When I was an 8th grader, we didn’t have enough boys in 7th and 8th grade to field a football team, so the school decided to let 6th graders play. This was both good and bad.
It was good because we had enough kids to be able to play football that year, but it was bad because only one of the 6th graders had hit puberty. As a result, we had a historic season, and didn’t win a game.
Towards the end of the season our coach decided to work in a couple trick plays. One play involved some yelling from the sideline that we were using the wrong football, which would result in the center handing the quarterback the football (a legal exchange), the quarterback running toward the sideline as though he were going to trade the football. Just before getting to the coach on the sideline, the quarterback would run up field for what would hopefully be a touchdown and a win.
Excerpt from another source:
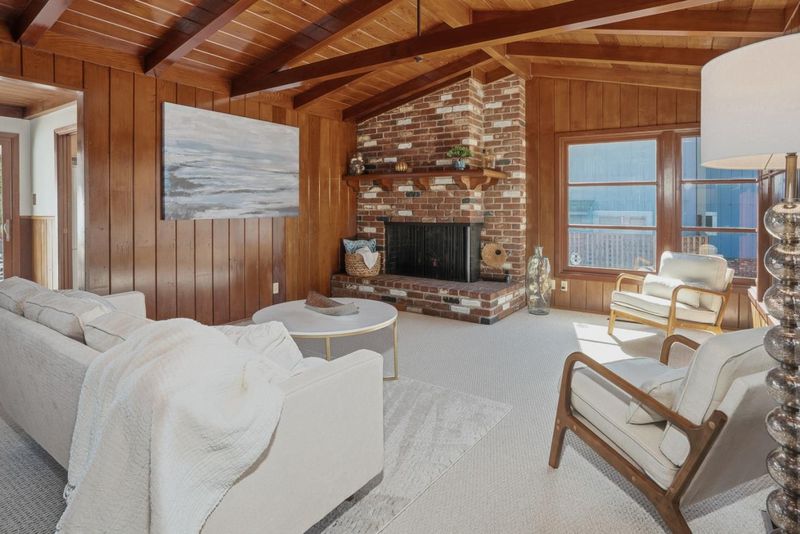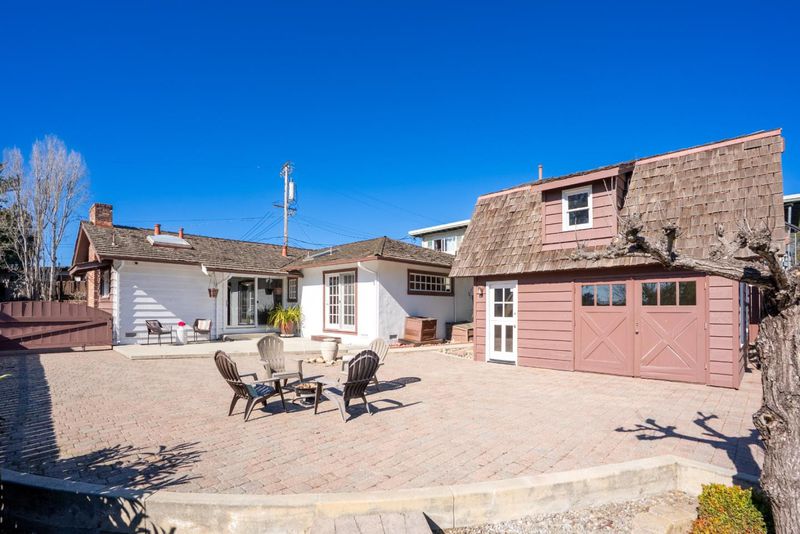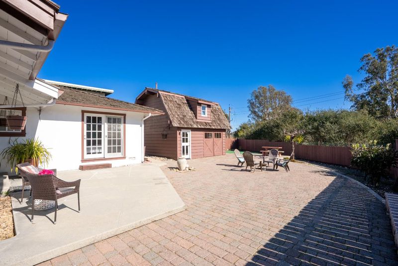 Amazing location, just across from Corcoran Lagoon & very short walk to the beach! Beautiful custom home w/ fantastic woodwork! You will absolutely LOVE the Living Room w/ its beautiful brick fireplace & hearth, extra large windows w/ ocean peaks, & vaulted wood beam ceilings giving this beach home the feel of a Tahoe cabin! It is sure to be the favorite gathering place for friends & family. The kitchen & dining areas are light & bright w/ direct access to the expansive yard, making Al Fresco dining a breeze. The Primary Bedroom Suite is very spacious w/ a large walk-in closet & full En Suite. Additionally there is a well-sized guest bedroom & full guest bath. The 2-car garage has a built-in office area, that can easily be converted back if desired. The backyard has beautiful paver hardscaping, perfect for summertime entertaining, which extends to the front creating a great driveway for vehicles/RV/boats. There is also an AWESOME workshop w/ a woodburning stove, full bathroom AND upper game room! Want to practice your golf skills? Well you are in luck because there is also an adorable putting green AND plenty of space for a garden, too! With no backyard neighbors & easy to maintain landscaping, this home is a MUST SEE w/ so much charm & character and so close to everything!

It didn’t work. The referees said the coach couldn’t yell that from the sideline. But the premise was true: confusion breeds chaos.
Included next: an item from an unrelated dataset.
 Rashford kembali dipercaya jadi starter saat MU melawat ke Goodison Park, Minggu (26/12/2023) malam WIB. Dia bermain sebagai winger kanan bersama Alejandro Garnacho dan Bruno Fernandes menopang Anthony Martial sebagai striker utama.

If we could get the other team questioning what they knew to be reality, then we could take advantage of the moment and surprise them.
In leadership, the principle applies as well. If the people we lead are unclear as to next steps, or even what we are trying to do, the result is chaos.
As a minister, if the adults who volunteer in my ministry don’t understand the long term goal and vision I set, then we have a team of volunteers who set their own long term goal and vision.
If student leaders don’t understand their role, then they set their own guidelines.
This isn’t master level manipulating. This is learning to sail the ship and getting everyone moving in the same direction.
What part of your leadership is suffering due to confusion? What steps can you take to add some clarity this week?